Supporters point to a workload study
Backers say the bill tracks with a workload and case‑filing analysis conducted for lawmakers by the National Center for State Courts, which the Legislature hired and paid to do the work. On the House floor, Rep. Jerome Zeringue pegged the expected savings at around $2.1 million and said more than 90% of appellate judges took part in the study, according to WDSU.

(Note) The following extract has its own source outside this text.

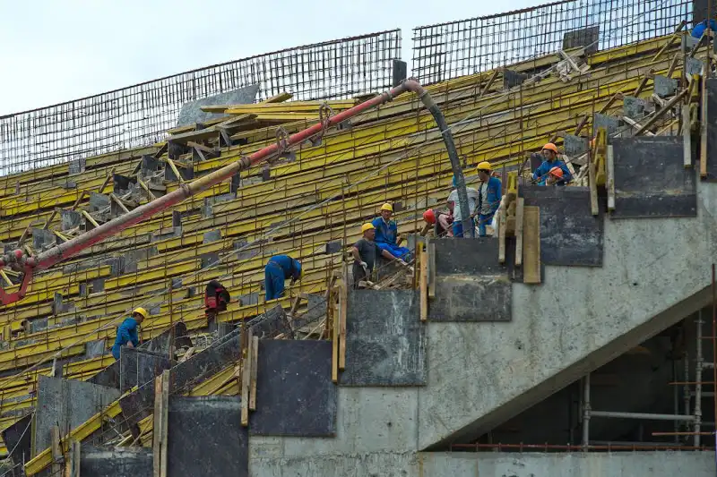 Всего на строительстве олимпийских объектов занято около 50 000 человек. Работа идет в три смены, 24 часа в сутки, без выходных.

Opponents question timing and the data
Opponents counter that the study’s methodology does not really fit New Orleans’ unique court setup and argue that cutting judges now, in the middle of separate fights over the Orleans clerk of court and congressional redistricting, looks like more politics than housekeeping. Local coverage has highlighted judges warning that Orleans handles far more trials than many other parishes and that the weighted‑caseload model has not been applied in a way they see as fair, as reported by the Louisiana Illuminator.
What’s next
SB217 now returns to the Senate for concurrence. If senators agree with the latest version and the governor signs off, it would become law, with many of the division cuts tied to 2027 deadlines. The Legislature’s fiscal note estimates that eliminating the judgeships would trim state costs by about $2.6 million a year and local costs by roughly $3.2 million, figures that differ from the floor savings cited by supporters, according to the Legislature’s official fiscal analysis.
How those projected savings - and any hit to trial calendars - actually play out will depend heavily on when seats become vacant and how judges, clerks and the Judicial Council reshuffle caseloads. The bill includes reporting and study requirements that could give lawmakers or the courts room to revisit the numbers if Orleans Parish’s workload turns out to be higher than the forecasts suggest.